Vez por outra visitava Mariá, sua mãe, a que foi sem nunca ter sido. Se passasse das oito horas da noite, o “bicho pegava”. A porta da casa fechava  e pronto. Só que a esperta deixava a janela do quarto encostada. Mas ele descobriu. Mais uma vez ela virou a mesa: “quer que eu derrube essa porta no peito, ou vai abrir?” Nunca mais. Nunca mais implicou com horário. Também, oito horas da noite é tão cedo, dizia ele.

“Lava roupa todo dia... Lá vai Maria, lá vai Maria...” Lavar, passar, cozinhar, limpar a casa, economizar cada tostão, cuidar do vôpainho que tanto amava, mas que muitas vezes dava nos nervos e ela sentia vontade de sumir. Quando ele bebia... Ah, quando ele bebia... Mas também era tão bonzinho. De cada coisa que ganhava, dividia por três: para ele, para ela, para o sempre criança. Ele a amava e ela sabia disso. Tinha certeza. Era um amor não dito por palavras.

Vamos para São Paulo, prima. Eu ajudo você.

Tão novinha... Ela tinha o mundo pela frente e o vôpainho já tinha vivido a vida dele. Noventa anos. Ela beirava os vinte e só conhecia aquele mundinho de nada, sem perspectivas de melhoras. Ela protagonizava uma história sem expectadores.           

Vontade de ir, mas e a coragem? Como deixar seu vôpainho? O que ele pensaria?O que os outros falariam? Ah esse controle coletivo, tão pleno de julgamentos, de olhos a seguir passo a passo a vida do outro,mas sem nunca querer trocar de lugar com ele... Pois se trocassem, de quem falariam? Deles mesmos?

Inapta para tomar essa decisão, continuava presa  a uma vida que não lhe oferecia futuro algum. O primo dizia, vamos que eu ajudo você.

Em sua consciência, culpa e vontade de decidir sua vida, estavam cada vez mais presentes.

Depois de algumas hesitações, resolveu que o melhor seria fugir, para não ter que explicar nada a ninguém .Uma das conseqüências “do ficar a qualquer preço” são as moléstias psicossomáticas , diria Gaiarsa. Então...”.

Hora de dormir. Abraça vôpainho com carinho, faz um afago demorado no sempre criança, passeia pela casa e tatua no coração cada detalhe, cada momento em que ali viveu, para que nela fique para sempre. Ad eternum.

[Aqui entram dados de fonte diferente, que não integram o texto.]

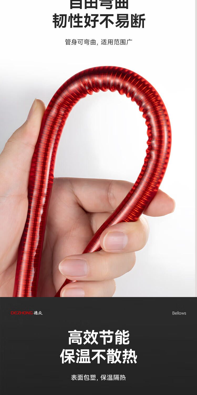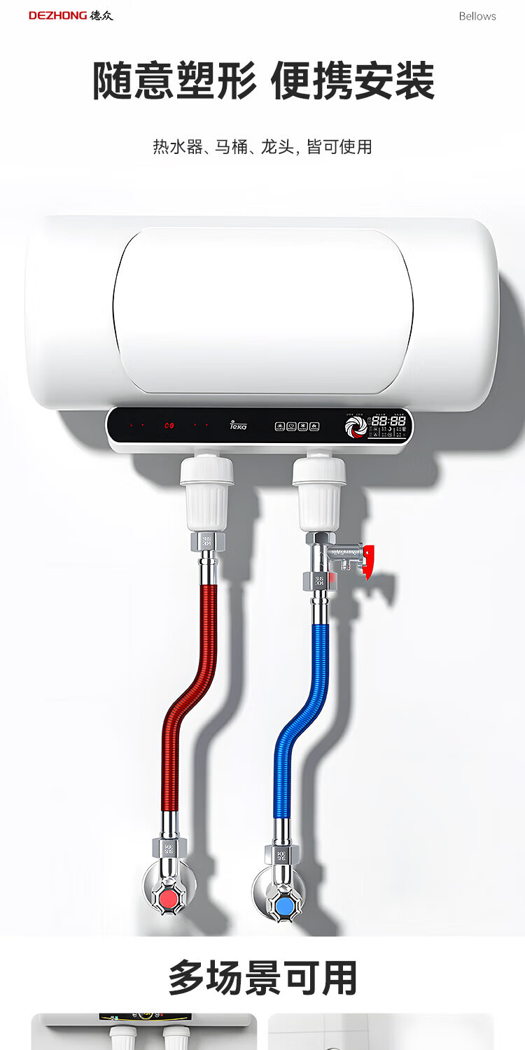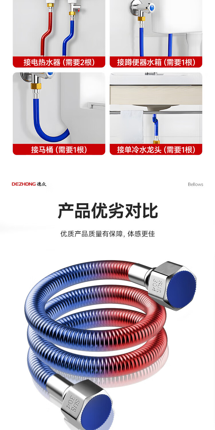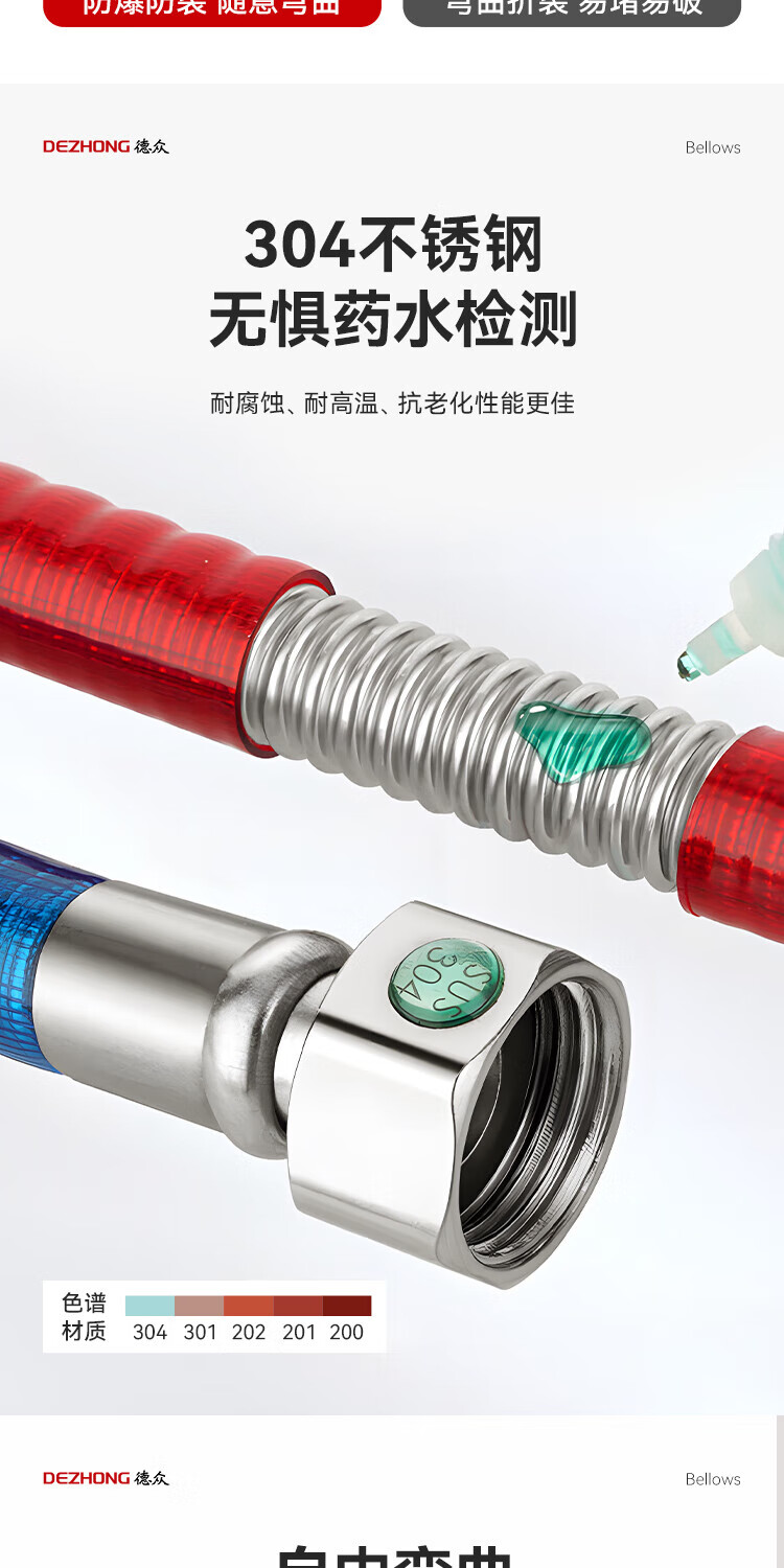 Dezhong 304 stainless steel corrugated pipe, special for water heater corrugated pipe, 4-point interface explosion-proof and leak-proof, gas water heater inlet pipe, thickened pressure-resistant faucet hot and cold water pipe 80cm, 2 pieces

Uma sacola de plástico, uma troca de roupa, nem um centavo no bolso e “simbora pra São Paulo”, com o coração apertado,dolorido. Dor doída de doer...

Vida difícil. Comeu o pão que o diabo amassou para ela, que era forte, corajosa, sabia a que veio e foi em frente, comendo pedaço por pedaço, sentindo o gosto da vitória que em breve chegaria.

Se ela era feliz? Certamente o era.

Mas a saudade do vôpainho aumentava a cada dia...

Dois anos se passaram e lá foi ela rever aquele que deixou sem explicação alguma.

Abraços de saudade, a compreensão do vôpainho, o cuidar dele de novo, o depois de alguns dias ouvir as mesmas palavras de sempre, mas com uma visão diferente, que só se consegue a distância. 

E à hora de voltar, a mesma dor doída de doer.